Venezuela

Avião chinês em solo da Venezuela aumenta pressão sobre Estados Unidos

Se dois bombardeiros russos já assustavam muita gente, imagina quando um outro avião, agora de bandeira chinesa, aterrissa no país carregando insumos como remédios e comida para a população. O país comunista enviou 65 toneladas de remédios e insumos médicos para a Venezuela – aderindo assim, formalmente, à campanha convocada por Maduro para ajudar o país a furar o embargo americano. A aeronave pousou nesta sexta-feira (29). O presidente venezuelano Nicolás Maduro celebrou como “uma vitória” sobre o bloqueio e as sanções financeiras aplicadas pelo governo dos EUA.

“Estamos vencendo o pretenso cerco, o bloqueio, que foi empreendido (.) pelo governo do presidente (Donald) Trump e pela marionete diabólica daqui da Venezuela”, disse Tareck El Aissami, ministro da Indústria e ex-vice-presidente, em referência ao líder parlamentar opositor Juan Guaidó.

Numa declaração à imprensa na pista do aeroporto internacional de Maiquetía, em Caracas, El Aissami garantiu que se trata do “primeiro carregamento de vários que começam a chegar a partir deste momento”.

Segundo o ministro, a carga inclui antibióticos, analgésicos, medicamentos para doenças como diabetes e material médico-cirúrgico.
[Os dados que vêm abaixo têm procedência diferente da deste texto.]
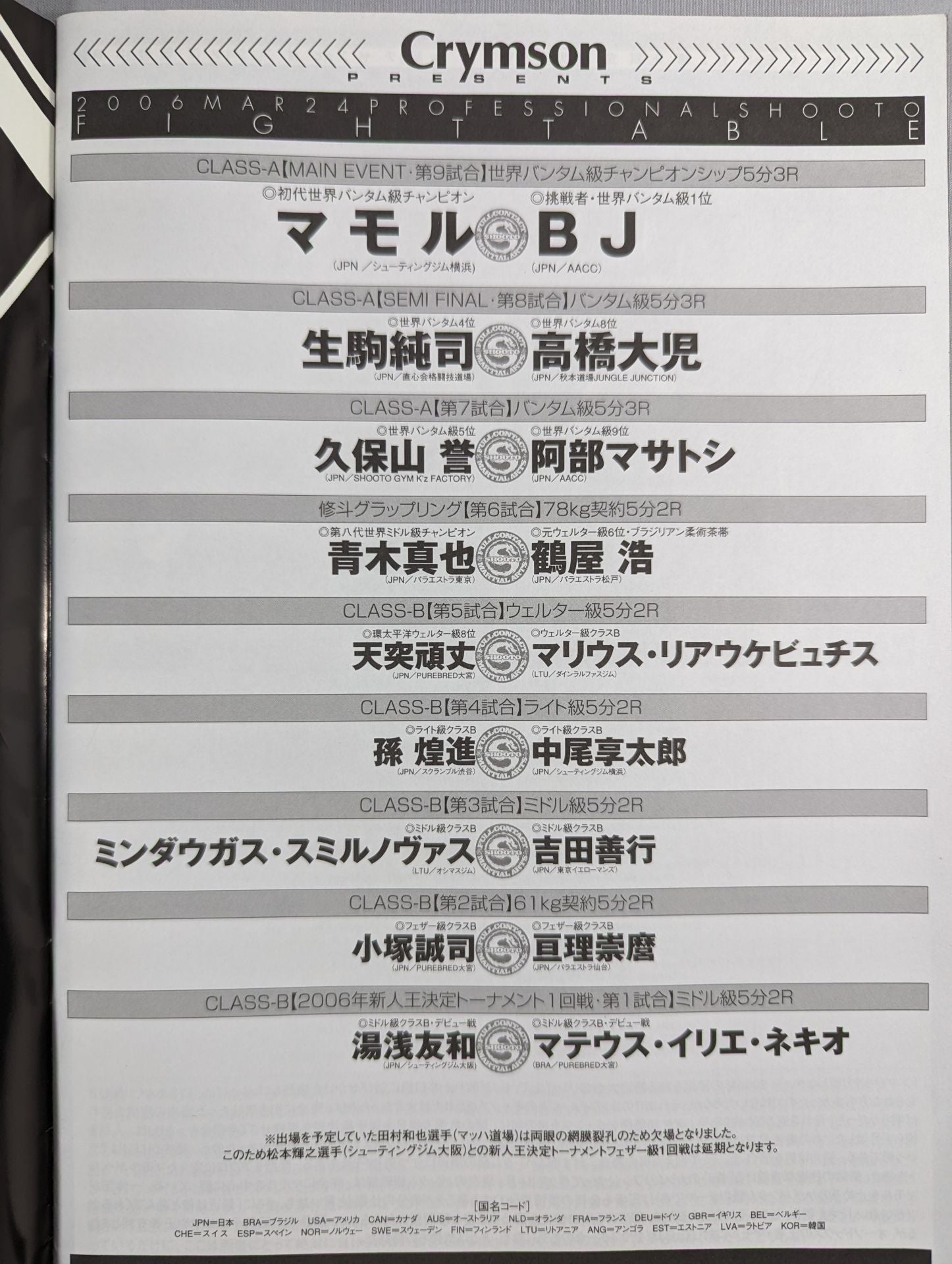 2006年 会場:後楽園ホール / 印刷対戦カード:【世界バンタム級チャンピオンシップ】マモルvsBJ
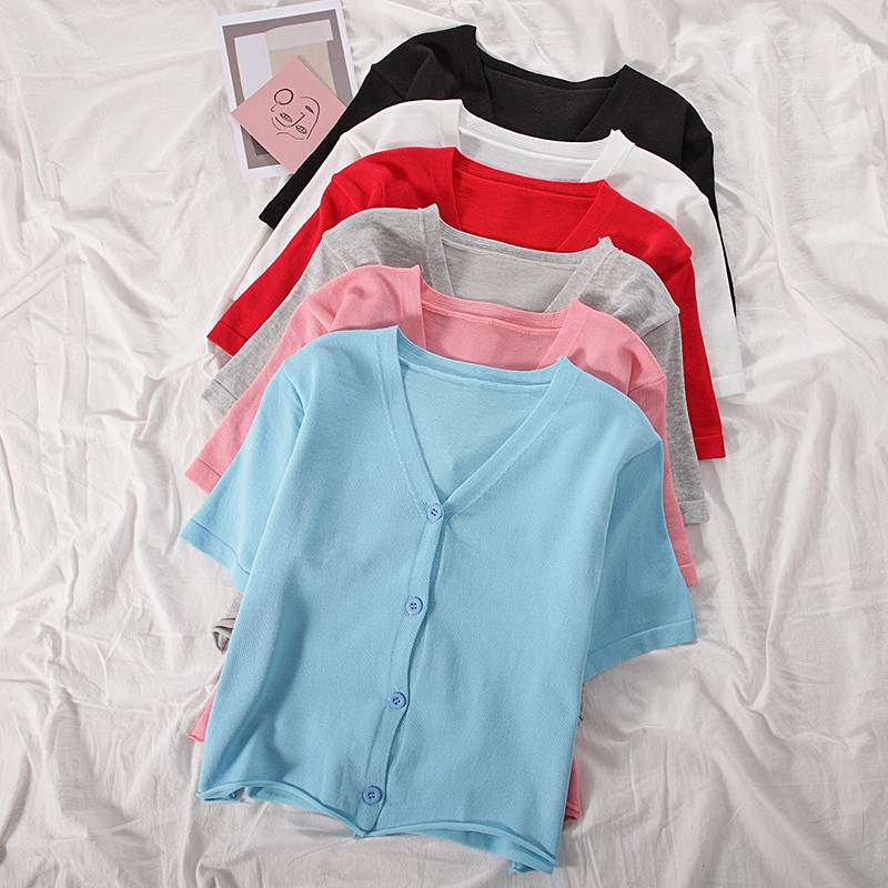 7分鐘前氣質v領薄款打底針織衫,2020夏季新款女裝短款開衫上衣 - 【買一送三】任選4件,僅需NT$1198
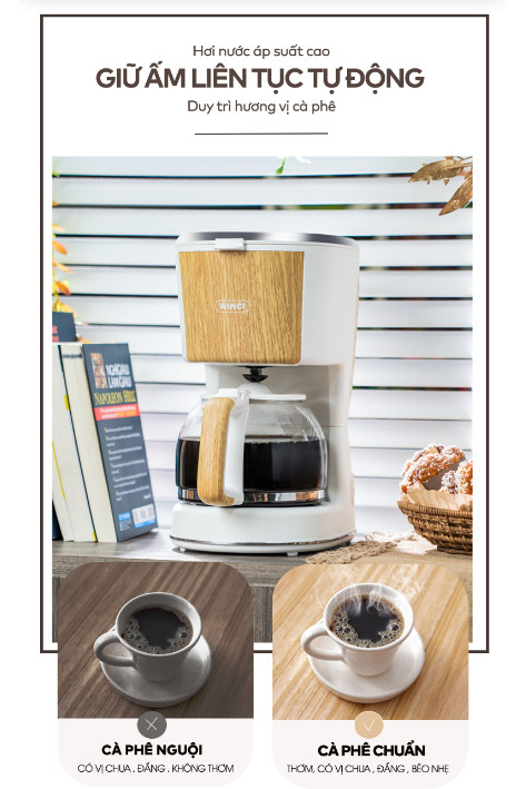 Máy pha cà phê Winci CM1142 dẫn đầu trong dòng máy pha cà phê nhỏ giọt dành cho gia đình, với công suất 900w, thiết kế sang trọng từ gỗ, hiệu suất pha đáng kinh ngạc, mang lại những ly cà phê thơm ngon chất lượng vượt trội

Presente na chegada da aeronave, o embaixador chinês na capital venezuelana, Li Baorong, garantiu que o envio é parte de prévios “acordos de cooperação” entre Caracas e Pequim.

Diante da grave escassez de remédios e insumos médicos na Venezuela, a entrada de ajuda internacional tornou-se um elemento central na luta pelo poder entre Maduro e Guaidó, autoproclamado presidente do paí.

Maduro vincula o desabastecimento com as sanções de Washington. A oposição, organizações de direitos humanos e pacientes denunciam há dois anos a falta de remédios, responsabilizando o governo de Maduro pela redução de importações em meio a uma grave crise econômica.

A China é um dos maiores aliados de Maduro, ao lado da Rússia, que há uma semana enviou uma missão militar a Caracas denunciada como uma “provocação” pela Casa Branca.